WHAT IS BEING ASKED –
Please set down exactly the lines of the listing below from the line containing "تكریم الزعيم محمد بن عبد الكريم الخطابي" through the line containing "Überdimensionales Tee-Set von", both lines included, leaving out all other lines.

══ DATASET RECORDS ══

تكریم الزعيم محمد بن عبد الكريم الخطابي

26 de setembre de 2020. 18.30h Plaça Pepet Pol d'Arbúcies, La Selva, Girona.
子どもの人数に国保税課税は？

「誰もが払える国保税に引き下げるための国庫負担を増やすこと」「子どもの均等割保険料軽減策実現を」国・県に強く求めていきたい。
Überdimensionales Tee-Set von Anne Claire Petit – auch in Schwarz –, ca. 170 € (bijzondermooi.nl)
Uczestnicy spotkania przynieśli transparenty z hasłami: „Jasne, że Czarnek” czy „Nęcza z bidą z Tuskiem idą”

═══
══ DATASET RECORDS ══

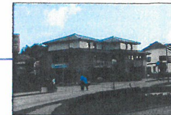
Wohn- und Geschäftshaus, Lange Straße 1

═══
══ DATASET RECORDS ══

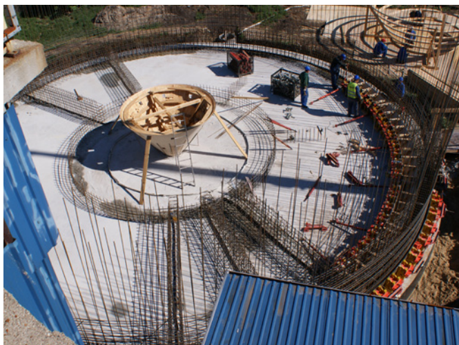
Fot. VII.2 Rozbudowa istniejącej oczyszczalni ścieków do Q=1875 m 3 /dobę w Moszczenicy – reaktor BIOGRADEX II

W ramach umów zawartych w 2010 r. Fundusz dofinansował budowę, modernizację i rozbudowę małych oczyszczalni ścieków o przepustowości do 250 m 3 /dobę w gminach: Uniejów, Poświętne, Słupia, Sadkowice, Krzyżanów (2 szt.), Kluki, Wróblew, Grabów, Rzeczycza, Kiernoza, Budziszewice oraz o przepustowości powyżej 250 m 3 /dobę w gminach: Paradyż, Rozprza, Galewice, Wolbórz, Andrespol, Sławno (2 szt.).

═══

SOLUTION TO THE EXERCISE –
تكریم الزعيم محمد بن عبد الكريم الخطابي

26 de setembre de 2020. 18.30h Plaça Pepet Pol d'Arbúcies, La Selva, Girona.
子どもの人数に国保税課税は？

「誰もが払える国保税に引き下げるための国庫負担を増やすこと」「子どもの均等割保険料軽減策実現を」国・県に強く求めていきたい。
Überdimensionales Tee-Set von Anne Claire Petit – auch in Schwarz –, ca. 170 € (bijzondermooi.nl)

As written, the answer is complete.